Dataset extract —
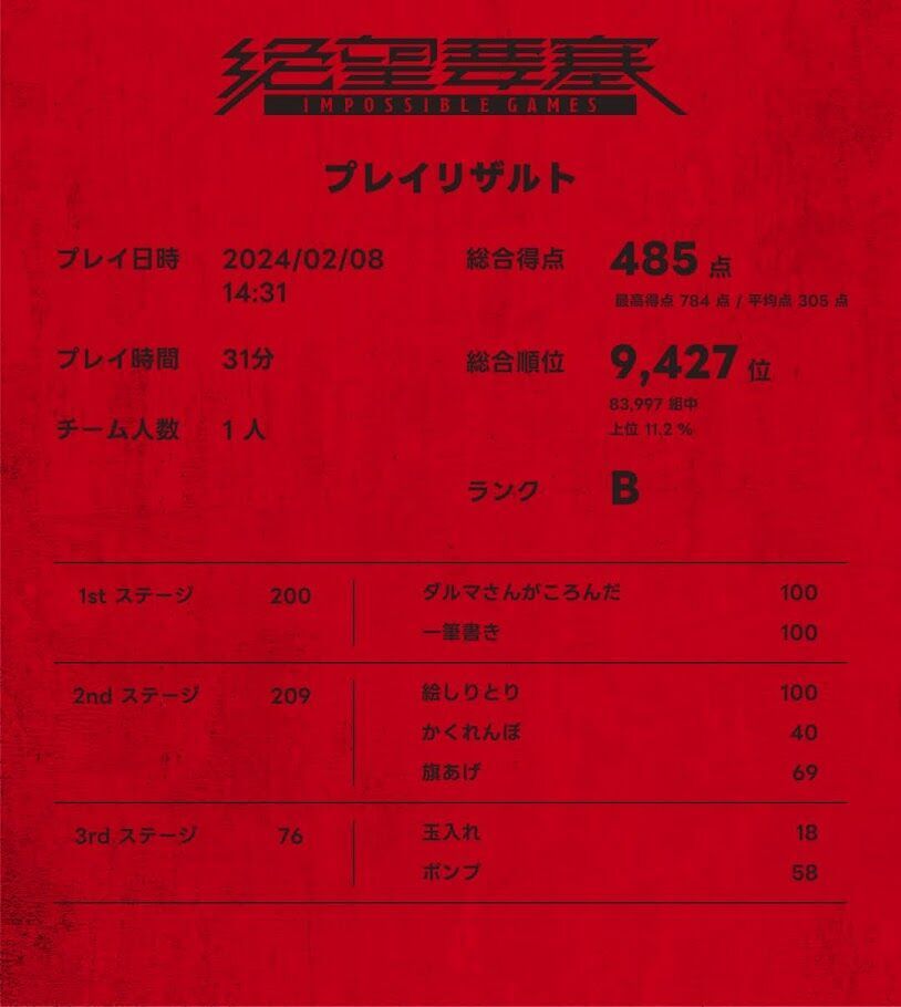 うち2回、3rdステージに到達できましたが、特に「玉入れ」が全然入らず、ステージクリア条件の130点の半分にしか届きませんでした…。
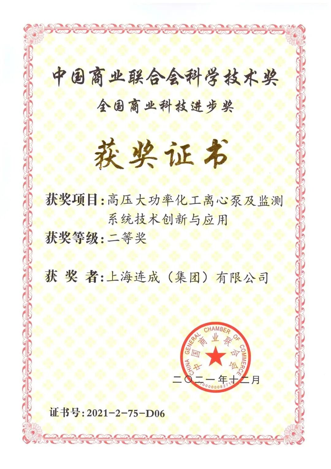 9323彩集团常务副会长企业——连成集团凭借“高压大功率化工离心泵及检测系统技术创新与应用”项目、斩获全国商业科技进步奖二等奖,力证连成集团科技研发的强劲实力。
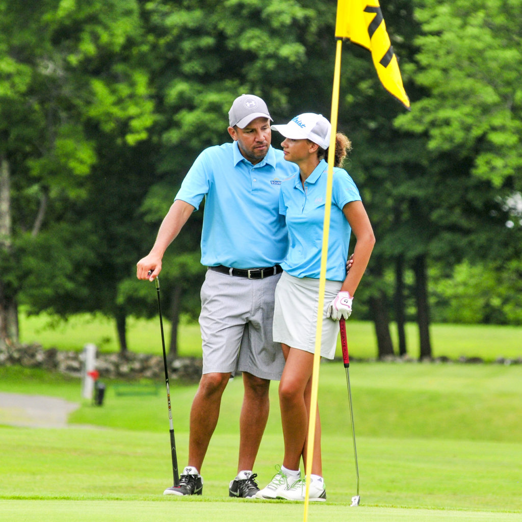 Harry Haylock, left, caddies for his daughter Ruby Haylock, of Turner Highlands Country Club, in the Maine Women’s Amateur on Tuesday at the Rockland Golf Club. (Joe Phelan/Kennebec Journal Photo)
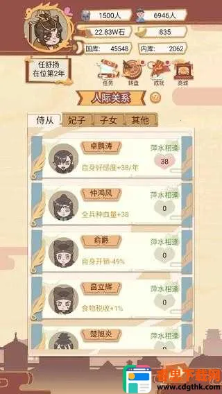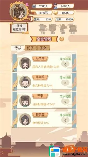 4、皇宫管理:统筹后宫人员编制与俸禄发放,侍从好感度满值后可晋升为妃子,属性加成翻倍,但年度开支同步大幅上升。
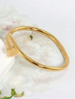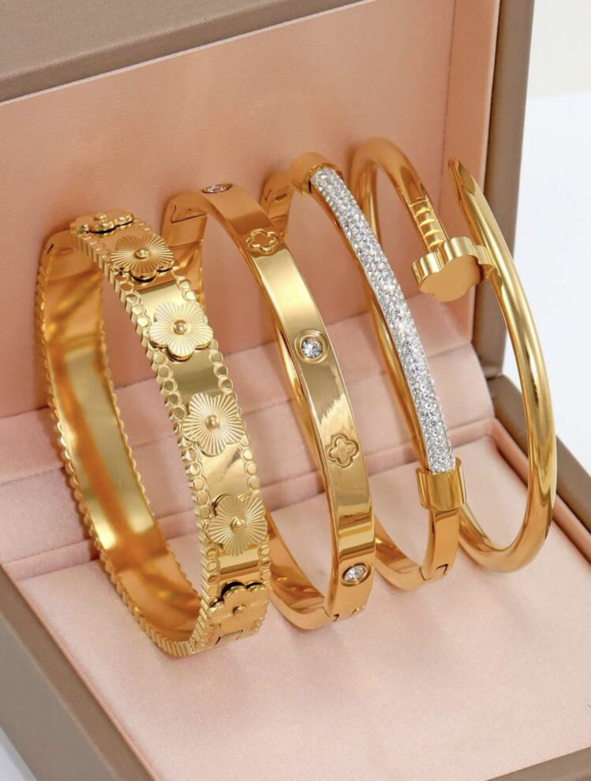 4 pieces Bracelets rigides en acier inoxydable plaqué or 18 carats pour femmes , design de fleur de tréfle à 4 feuilles en zircone cubique brillante , convient pour un port quotidien
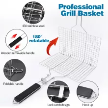 - Secure Mesh Basket: Prevents food from slipping or falling into the grill, ensuring mess-free cooking.
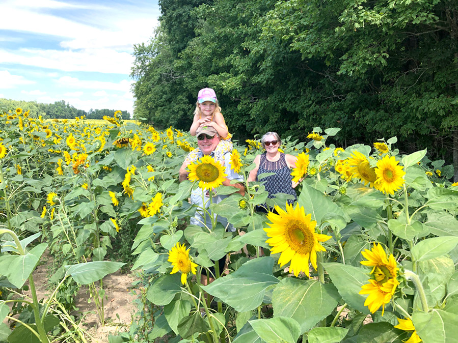 AUGUST – The Shine Your Light Sunflower Tour held on the Mapleton farm of Matt and Leona Ottens Aug. 15 and 16 raised more than $13,000 for the Canadian Cancer Society. Hugh and Judith Anne Douglas took in the tour with Annie Bijman enjoying a perfect vantage point.
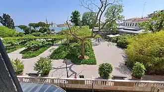 In the year 2000, the Italian State transferred the former private rooms of the palace facing the lagoon to the municipality, which had been used as offices since the 1920s. A restoration sponsored by the French Committee for the Preservation of Venice was then initiated. The nine rooms restored by various sponsors were opened to the public in July 2012 under the name "Empress Elizabeth's Rooms."[28] In 2017, the restoration of three ‘ridotti’ of the Marciana Library was also completed. Originally intended for Viceroy Eugène de Beauharnais, they were redecorated in neoclassical style between 1807 and 1811.[29]
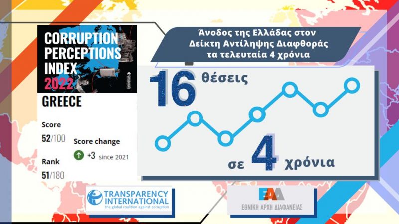 “Η Ελλάδα καταλαμβάνει πλέον την 51η θέση μεταξύ 180 χωρών και συμπεριλαμβάνεται στο 30% των χωρών με τα καλύτερα αποτελέσματα στην καταπολέμηση της διαφθοράς παγκοσμίως, βελτιώνοντας την κατάταξή της κατά 16 ολόκληρες θέσεις από το 2019 έως σήμερα.
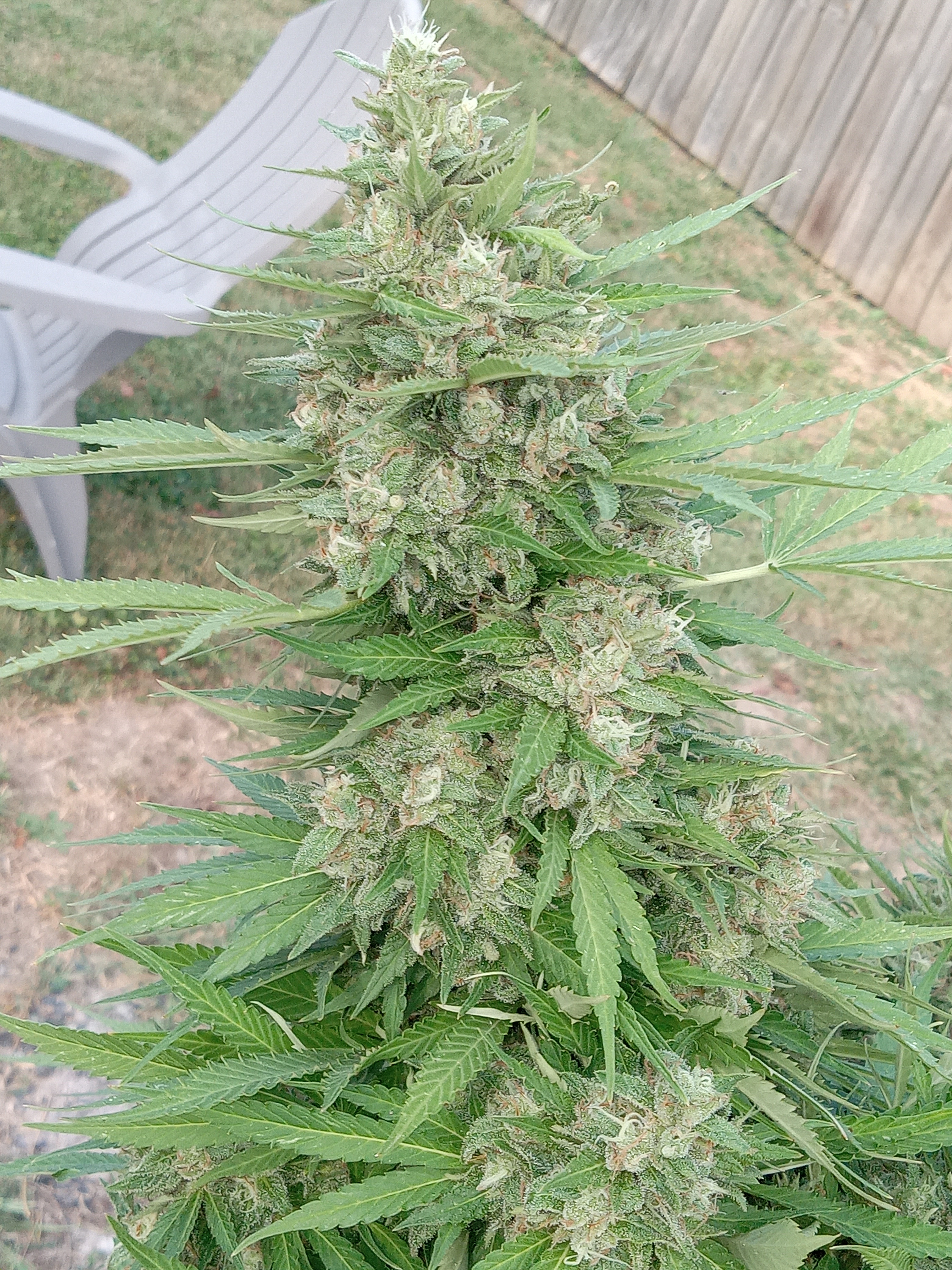 It’s time to chop my first outdoor plant. She’s a bushy fast flowering girl, and we’re fighting the dreaded bud rot. We already lost the top cola sadly, but she’s close , so cutting our loses and down she comes. Fingers crossed for what’s left of her buds.

Brief —
What do the entries above read from the line containing "Harry Haylock, left, caddies" through the line containing "AUGUST – The"? Output those lines exactly, both ends included, with the pictures left out.

Result —
 Harry Haylock, left, caddies for his daughter Ruby Haylock, of Turner Highlands Country Club, in the Maine Women’s Amateur on Tuesday at the Rockland Golf Club. (Joe Phelan/Kennebec Journal Photo)
 4、皇宫管理:统筹后宫人员编制与俸禄发放,侍从好感度满值后可晋升为妃子,属性加成翻倍,但年度开支同步大幅上升。
 4 pieces Bracelets rigides en acier inoxydable plaqué or 18 carats pour femmes , design de fleur de tréfle à 4 feuilles en zircone cubique brillante , convient pour un port quotidien
 - Secure Mesh Basket: Prevents food from slipping or falling into the grill, ensuring mess-free cooking.
 AUGUST – The Shine Your Light Sunflower Tour held on the Mapleton farm of Matt and Leona Ottens Aug. 15 and 16 raised more than $13,000 for the Canadian Cancer Society. Hugh and Judith Anne Douglas took in the tour with Annie Bijman enjoying a perfect vantage point.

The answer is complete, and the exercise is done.